USDA Extends Rules to Battle Wasting Disease in Farmed Deer Herds
Published Date: 1/23/2026
Notice
Summary
The USDA is updating and extending its paperwork rules to help control chronic wasting disease in farmed deer and elk herds. This affects farmers and businesses that raise these animals, asking them to keep sharing important info to keep herds healthy. Comments on these changes are open until March 24, 2026, with no new fees involved—just smarter tracking to fight this disease.
Analyzed Economic Effects
3 provisions identified: 1 benefits, 2 costs, 0 mixed.
3-year extension of CWD paperwork
USDA/APHIS is requesting OMB approval to continue collecting information for the Chronic Wasting Disease (CWD) Herd Certification Program for an additional 3 years.

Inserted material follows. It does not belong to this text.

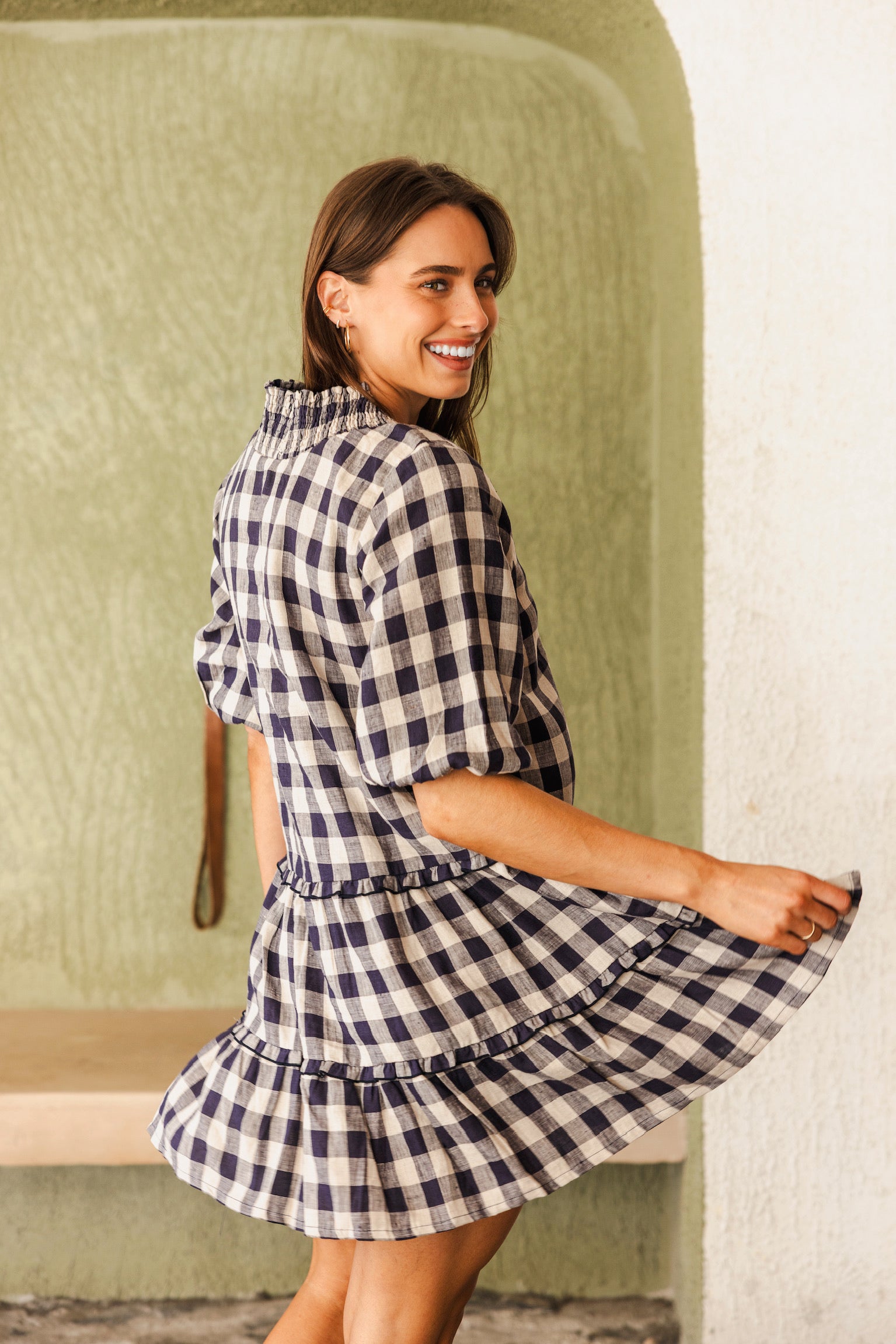 The Gigi dress brings timeless charm to your warm-weather wardrobe with its classic blue and oatmeal gingham pattern. Featuring relaxed short sleeves with elasticated cuffs and a flattering V-neckline adorned with delicate rouched detailing, this piece effortlessly combines comfort with sophisticated style. The drop waist silhouette flows into a tiered skirt with playful ruffle features, creating beautiful movement with every step. Perfect for poolside moments or beachside lunches.
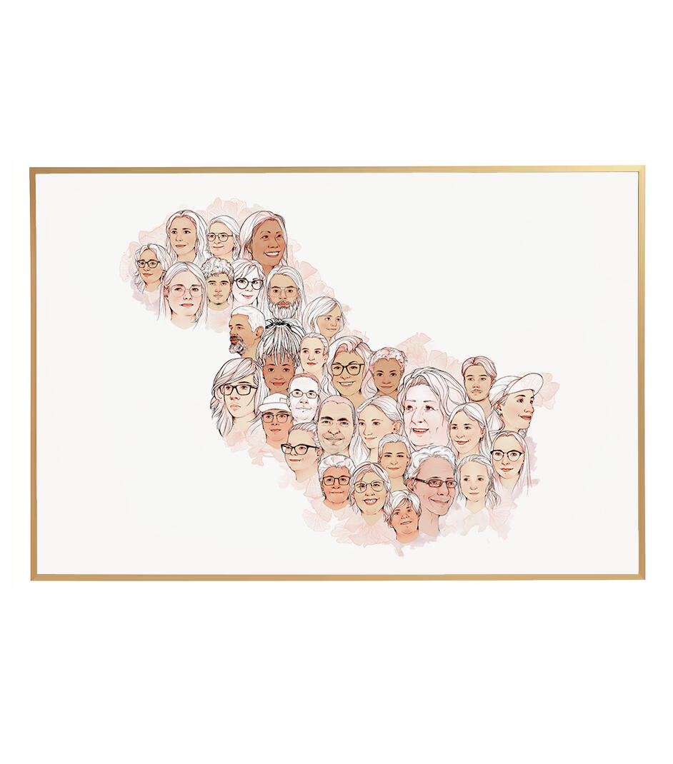 Tous les résidents de Drummondville ont été invités à participer. Ce concept va au-delà des entrepreneurs, personnalité publique et des hauts faits sociaux. L'artiste s'engage à créer des liens avec sa communauté en se fondant sur les valeurs de respect, de réciprocité, de transparence, d’ouverture, de diversité et d’inclusion. De ces esquisses en résulta une oeuvre communautaire et unique produite numériquement à l'aide d'un logiciel de dessin puis imprimé en grand format. Un amalgame de visages composera un agencement organique qui suggère la topographie de Drummondville.

The collection is estimated to average 3.24 hours per response, with about 1,588 respondents, 32 responses per respondent, 50,156 total annual responses, and 162,510 total annual burden hours.
Participation requires ID, testing, movement rules
If you choose to participate in the voluntary CWD Herd Certification Program, you must follow program requirements for animal identification, testing, herd management, and movement of animals into and from herds (regulations are in 9 CFR part 55 and part 81).
No new fees; comment deadline set
APHIS states there are no new fees associated with this revised information collection, and it will accept public comments on the request through March 24, 2026.